TRY IT: Retype the listing found below exactly, but leave out each picture.

DATA SECTION:
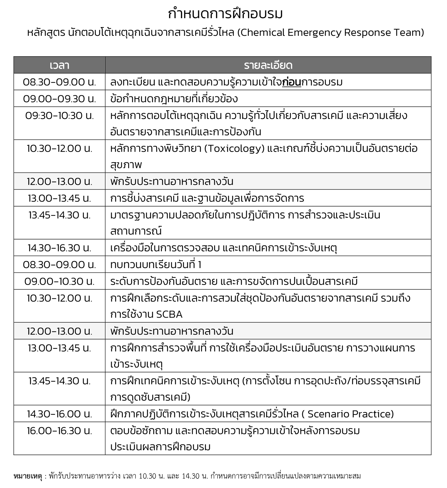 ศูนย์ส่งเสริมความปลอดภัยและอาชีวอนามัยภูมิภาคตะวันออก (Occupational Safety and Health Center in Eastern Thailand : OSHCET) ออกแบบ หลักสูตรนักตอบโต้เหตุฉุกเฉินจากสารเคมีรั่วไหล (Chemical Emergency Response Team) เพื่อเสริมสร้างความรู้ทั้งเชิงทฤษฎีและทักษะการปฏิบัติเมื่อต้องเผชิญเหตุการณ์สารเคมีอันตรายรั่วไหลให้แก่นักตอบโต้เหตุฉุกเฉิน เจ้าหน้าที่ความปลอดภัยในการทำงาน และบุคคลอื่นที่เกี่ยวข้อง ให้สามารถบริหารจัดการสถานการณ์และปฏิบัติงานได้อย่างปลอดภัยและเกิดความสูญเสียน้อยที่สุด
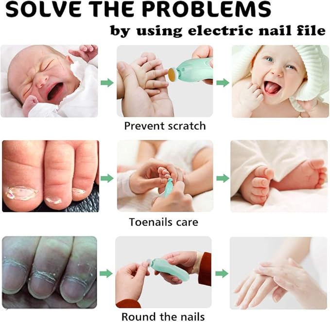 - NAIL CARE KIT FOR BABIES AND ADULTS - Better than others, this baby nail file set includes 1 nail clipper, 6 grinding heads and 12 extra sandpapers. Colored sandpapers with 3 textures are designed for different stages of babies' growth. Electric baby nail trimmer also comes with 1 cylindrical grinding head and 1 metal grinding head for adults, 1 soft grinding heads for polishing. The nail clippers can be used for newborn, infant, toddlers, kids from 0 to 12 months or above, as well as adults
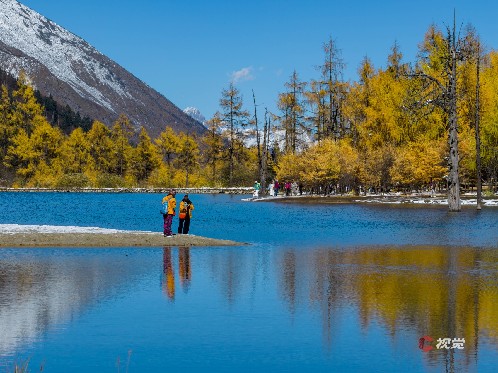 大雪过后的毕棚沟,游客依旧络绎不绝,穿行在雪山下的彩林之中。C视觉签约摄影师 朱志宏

RESPONSE:
 ศูนย์ส่งเสริมความปลอดภัยและอาชีวอนามัยภูมิภาคตะวันออก (Occupational Safety and Health Center in Eastern Thailand : OSHCET) ออกแบบ หลักสูตรนักตอบโต้เหตุฉุกเฉินจากสารเคมีรั่วไหล (Chemical Emergency Response Team) เพื่อเสริมสร้างความรู้ทั้งเชิงทฤษฎีและทักษะการปฏิบัติเมื่อต้องเผชิญเหตุการณ์สารเคมีอันตรายรั่วไหลให้แก่นักตอบโต้เหตุฉุกเฉิน เจ้าหน้าที่ความปลอดภัยในการทำงาน และบุคคลอื่นที่เกี่ยวข้อง ให้สามารถบริหารจัดการสถานการณ์และปฏิบัติงานได้อย่างปลอดภัยและเกิดความสูญเสียน้อยที่สุด
 - NAIL CARE KIT FOR BABIES AND ADULTS - Better than others, this baby nail file set includes 1 nail clipper, 6 grinding heads and 12 extra sandpapers. Colored sandpapers with 3 textures are designed for different stages of babies' growth. Electric baby nail trimmer also comes with 1 cylindrical grinding head and 1 metal grinding head for adults, 1 soft grinding heads for polishing. The nail clippers can be used for newborn, infant, toddlers, kids from 0 to 12 months or above, as well as adults
 大雪过后的毕棚沟,游客依旧络绎不绝,穿行在雪山下的彩林之中。C视觉签约摄影师 朱志宏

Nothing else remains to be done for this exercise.